Your ISP charges you 9 times as much for IPv4 addresses as
they do for bandwidth?  I'd recommend switching ISPs.  All
the ones I've seen   charge a
small premium for additional IP space, but it's never more
than   about a 50% premium.

Not if you don't live in the US.  There are no options here
that are  at all cheap.  Usually you get a flat "we don't do
that".  And they  don't do v6 either.

If it makes you feel better (it probably won't), in much of the US, the story from the ISPs goes like this:

        * We don't do that on our residential service, if you
        want _any_ IPv4 addresses assigned to you, you need to
        buy the commercial service.
        
        * The commercial service costs around ten times as much
        as the residential one for similar bandwidth _less_
        service (often no free email, free web hosting, "user
        protection" software tools, etc.)

        * If you want more than one address on the commercial
        service, you will pay some small incremental charge for
        it.  But the real incremental charge starts at address
        number 1 and is tied up with the "type of service" shift.

However, we need to keep something else in mind, which Iljitsch's note hints at.

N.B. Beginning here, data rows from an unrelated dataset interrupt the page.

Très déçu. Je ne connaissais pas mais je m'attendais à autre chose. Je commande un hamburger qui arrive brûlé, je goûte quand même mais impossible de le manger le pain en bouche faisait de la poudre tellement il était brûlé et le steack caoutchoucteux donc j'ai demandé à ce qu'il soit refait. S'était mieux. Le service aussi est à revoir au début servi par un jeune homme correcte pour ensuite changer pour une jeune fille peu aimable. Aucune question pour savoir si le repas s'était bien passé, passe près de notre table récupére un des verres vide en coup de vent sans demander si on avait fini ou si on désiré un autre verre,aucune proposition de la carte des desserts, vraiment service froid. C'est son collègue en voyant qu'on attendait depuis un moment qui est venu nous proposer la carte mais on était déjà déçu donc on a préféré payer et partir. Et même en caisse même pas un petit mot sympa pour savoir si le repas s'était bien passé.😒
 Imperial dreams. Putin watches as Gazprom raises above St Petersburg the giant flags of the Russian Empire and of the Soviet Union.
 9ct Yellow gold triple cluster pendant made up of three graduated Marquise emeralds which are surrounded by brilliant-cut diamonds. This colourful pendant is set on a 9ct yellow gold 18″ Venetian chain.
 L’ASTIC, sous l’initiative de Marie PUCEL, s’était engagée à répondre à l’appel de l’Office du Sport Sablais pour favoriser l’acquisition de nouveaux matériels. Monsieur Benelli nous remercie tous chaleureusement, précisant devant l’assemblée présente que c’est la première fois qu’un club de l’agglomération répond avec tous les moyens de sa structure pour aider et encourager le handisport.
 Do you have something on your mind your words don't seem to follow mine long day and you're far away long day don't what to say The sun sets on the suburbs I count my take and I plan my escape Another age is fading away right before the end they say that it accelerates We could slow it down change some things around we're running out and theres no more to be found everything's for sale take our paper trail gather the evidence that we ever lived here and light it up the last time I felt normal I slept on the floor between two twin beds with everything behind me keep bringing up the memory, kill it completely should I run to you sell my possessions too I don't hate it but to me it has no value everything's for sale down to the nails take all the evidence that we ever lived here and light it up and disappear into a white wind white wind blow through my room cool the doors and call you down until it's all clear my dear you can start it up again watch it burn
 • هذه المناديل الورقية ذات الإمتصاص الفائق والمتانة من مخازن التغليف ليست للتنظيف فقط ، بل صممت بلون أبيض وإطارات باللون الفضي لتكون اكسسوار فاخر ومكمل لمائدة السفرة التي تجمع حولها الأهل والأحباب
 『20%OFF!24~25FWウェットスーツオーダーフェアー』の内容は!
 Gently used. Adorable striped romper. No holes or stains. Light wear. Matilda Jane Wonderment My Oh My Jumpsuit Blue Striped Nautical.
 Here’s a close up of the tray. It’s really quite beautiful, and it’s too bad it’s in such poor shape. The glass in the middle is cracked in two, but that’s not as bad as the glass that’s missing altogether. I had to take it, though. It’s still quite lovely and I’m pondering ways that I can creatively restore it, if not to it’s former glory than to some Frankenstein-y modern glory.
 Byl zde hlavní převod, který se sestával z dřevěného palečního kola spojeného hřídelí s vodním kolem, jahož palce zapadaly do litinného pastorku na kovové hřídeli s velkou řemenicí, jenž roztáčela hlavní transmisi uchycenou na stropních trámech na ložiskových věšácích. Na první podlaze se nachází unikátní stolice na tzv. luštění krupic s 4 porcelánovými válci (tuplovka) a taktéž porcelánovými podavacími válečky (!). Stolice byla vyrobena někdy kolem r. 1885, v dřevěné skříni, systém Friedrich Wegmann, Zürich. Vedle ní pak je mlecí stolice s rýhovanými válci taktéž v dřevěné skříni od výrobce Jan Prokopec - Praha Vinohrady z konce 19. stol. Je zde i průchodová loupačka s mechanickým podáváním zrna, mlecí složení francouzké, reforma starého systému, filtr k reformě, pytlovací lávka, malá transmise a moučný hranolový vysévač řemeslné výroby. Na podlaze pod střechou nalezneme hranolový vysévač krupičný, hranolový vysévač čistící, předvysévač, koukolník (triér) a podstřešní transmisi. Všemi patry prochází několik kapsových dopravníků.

If I'm an ISP trying to sell a low-end service to low-end customers at a low (but still profitable) price, I need to cut customer support costs to the absolute minimum. If someone calls up for help with a configuration problem, that may be six month's of profits from that customer eaten up in the cost of answering the call. To that sort of ISP, NATs, and ISP-supplied routers that support NATs, have a _huge_ advantage, which is that all supported customer LANs are identical -- same design, same exact internal addresses, etc. That is very important from a support standpoint -- length of calls, skill levels required, ability to construct clear FAQs and avoid calls entirely, and so on.

For the community, there are elements of "you get what you pay for" in this. And, for the ISPs, unless we figure out ways to provide the same level of support convenience with public addresses, we will certainly see NATs with IPv6 as well as IPv4.